The Ryans also require that Daniel’s therapists create their own books to use with him and that the pictures be slightly different in style and rendering because many autistic children can recognise an object in one form, but not in another. Autistic children like to concentrate on one particular detail, for instance, a cartoon character on a cup will tell the child that that is a cup, but a cup without a cartoon character then is not a cup.

“It is miraculous to me now how a child progresses because with Daniel you absolutely cannot take for granted that he will understand anything,” says Laurel. “The simplest, most obvious things we have had to teach him. We had to teach him to point his finger and how to look at someone when they’re talking to him. He still doesn’t call out to me if he needs me. And it’s hard to conceive how a child can get to the age of three without having those skills. But an autistic person hates having to communicate and will try and meet his or her needs without the help of someone else. Daniel couldn’t reach the cups, so his way of getting juice was to open the fridge and pour the juice on the floor and lick it up from there. This way he didn’t have to interact with anyone. He had less than nothing when we started the program. And it was so very frustrating – our family doctor didn’t think there was anything wrong. He’d say, ‘It’ll come, he’s a boy, he’s a third child, some are just late starters.’ But we were at our wits’ end and had to beg for help. We were finally sent to the Glenrose Hospital, where they do the testing, and then, many months later, learned that our child Daniel was autistic.

“Getting Daniel into the ABA program was crucial to our situation.
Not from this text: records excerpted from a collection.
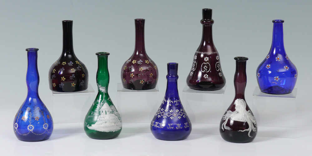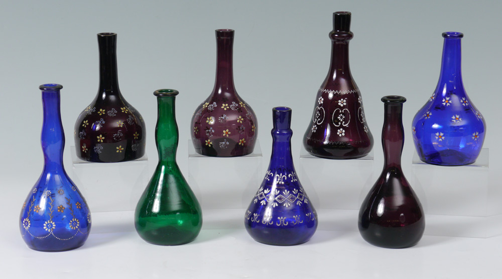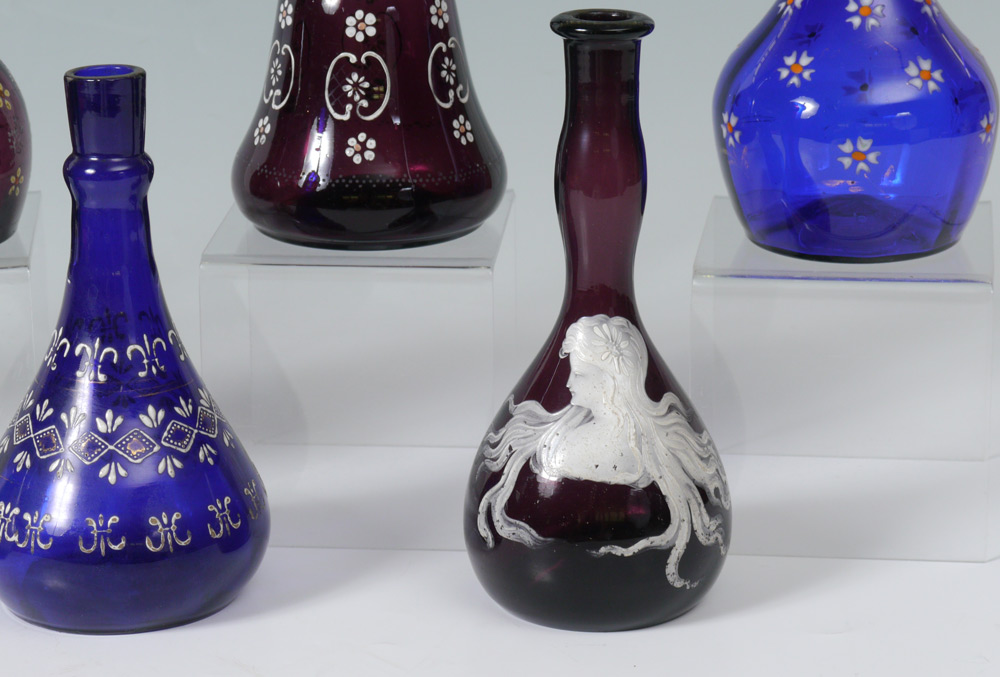 8 ENAMELED GLASS BARBER BOTTLES: Cobalt blue, purple and green glass with enameled decoration including Art Nouveau maiden and Witch Hazel. Measures 7''-8'' tall. From the William Merner Collection.
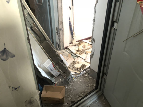 葉蘭的家住在小清河南路附近某小區(qū)六樓,和鄰居家在角落里兩側,兩家的門不過一米左右的距離。此時他們不知道的是,鄰居家的門已被一股巨大的沖擊波頂開,整個門甚至連門框都被炸了下來,歪倒在墻面上。
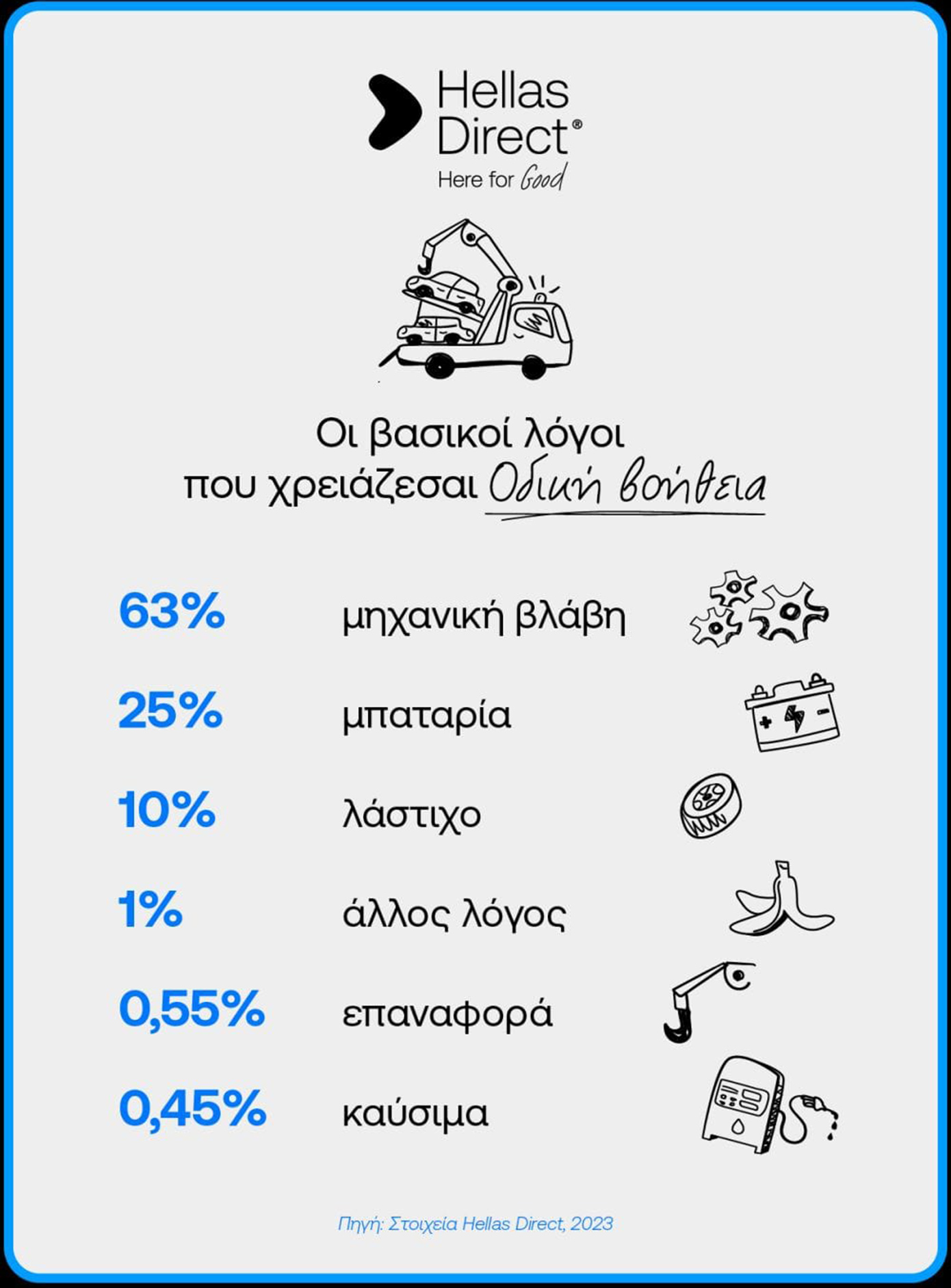 Ο βασικότερος λόγος για τους οποίους μπορεί να «προδώσει» το αυτοκίνητο τον οδηγό του είναι η μηχανική βλάβη. 6 από τις 10 κλήσεις (63%) που έλαβε η ομάδα της Hellas Direct για οδική βοήθεια το 2023 ήταν γι’ αυτόν τον λόγο. Δυστυχώς, σε μία τέτοια περίπτωση δεν υπάρχει κάτι που μπορείς να κάνεις μόνος σου και η μόνη λύση είναι να ζητήσεις βοήθεια.
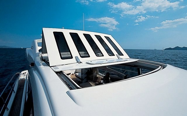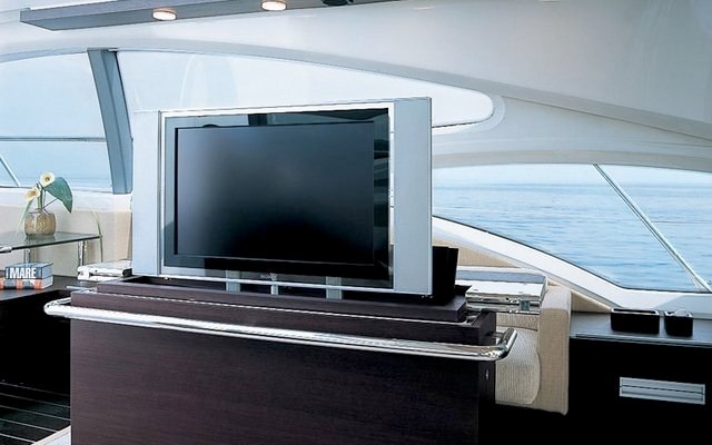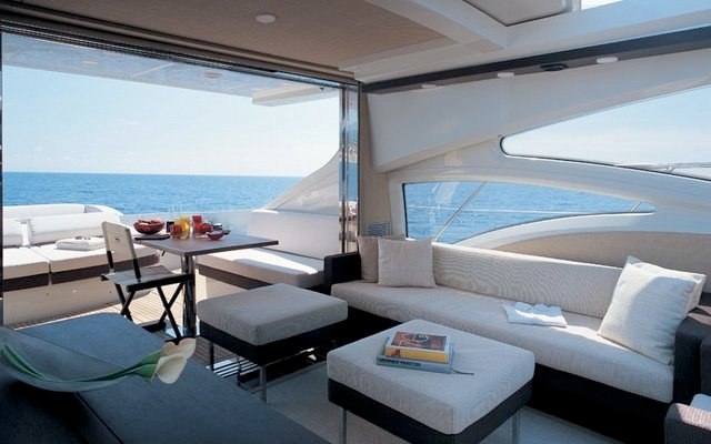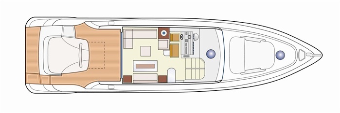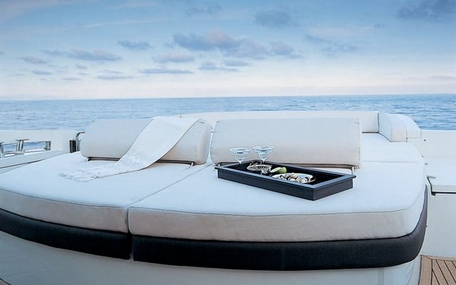 The sliding glass doors will merge the cockpit, salon and outdoor into one large area to enjoy the sea, the sky and those sport boat sensations only the Azimuth 68S offers in its category. To maximize outdoor relaxation you will find an outdoor barbecue, a fridge and an ice-maker.
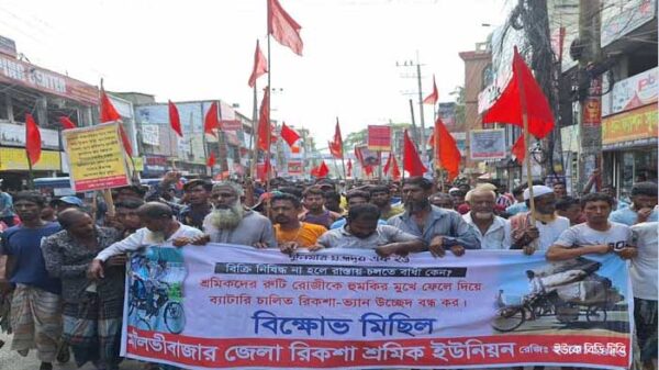 ব্যাটারি চালিত রিকশা-ভ্যান উচ্ছেদ বন্ধ, আমদানী কারক ও স-রুম গুলোর বিরুদ্ধে ব্যবস্থা এবং দ্রব্যমূল্য কমানো, বর্তমান বাজারদরের সমন্বয় করে রিকশা ভাড়া পুণঃনির্ধারণ, রিকশা ও ভ্যান শ্রমিকসহ শ্রমজীবী জনগণের জন্য স্বল্পমূল্যে
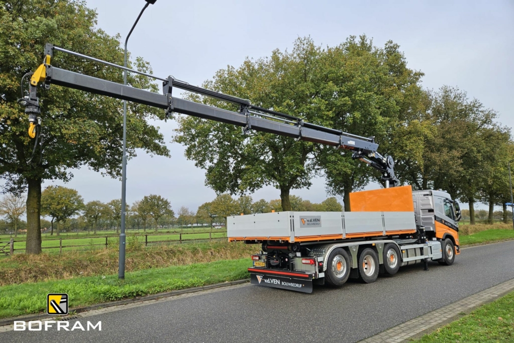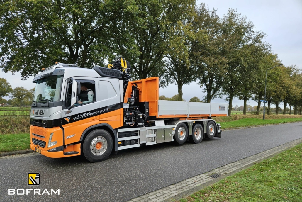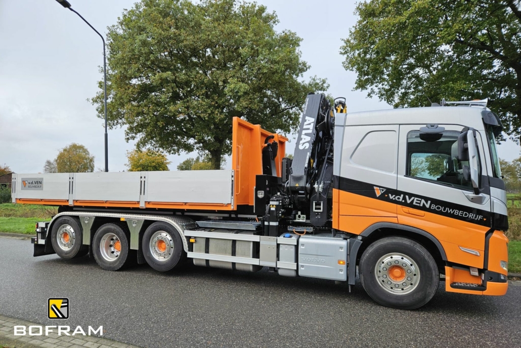 For Bouwbedrijf Van de Ven Veghel we were able to realize this beautiful truck body on a Volvo FMX 8×2*4. The truck is equipped with a 21T VDL hooklift system and a powerful 32T meter Atlas loader crane (type 332.4e A4) with a reach of 12.5 meters.
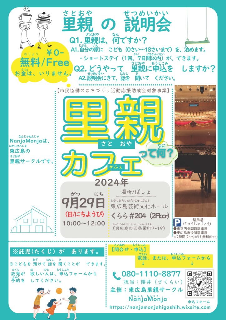 【里親(さとおや)の説明会(せつめいかい)】 2024年9月20日 最終更新日時 : 2024年9月20日 kihara 9月29日日曜(にちようび)、10:00~12:00、「里親(さとおや)の説明会(せつめいかい)」が あります。「里親(さとおや)」とは、こどもを 自分(じぶん)の家(いえ)に 泊(と)めて 預(あず)かる人(ひと)です。こどもを 1日~7日以内(いない)で 預(あず)けたい人(ひと)は、説明会(せつめいかい)で 話(はなし)を 聞(き)いて ください。申込(もうしこみ)方法(ほうほう)など、もっと知(し)りたい人(ひと)は、チラシを 見(み)て ください。 Bluesky

We were not functioning as a family anymore. We have two other children as well. As a family we couldn’t go out to restaurants that you are supposed to be able to take your kids to because if Daniel heard another child yelling then he would go ballistic – screaming and raging. And everyone in the restaurant would be looking at us with accusing eyes, possibly as if they thought we were abusing our child or that he was being too disruptive. It was very uncomfortable. But, we did get over our uneasiness and are certainly the educators in that arena now! We feel very strongly that as a member of society he has a right to be in public places regardless of his tantrums. For too many years these children were hidden away so that the parents didn’t feel embarrassed or unwelcome. But, ”Laurel laughs, “I don’t want to be stuck at home all the time so we’re all just going to have to deal with it.”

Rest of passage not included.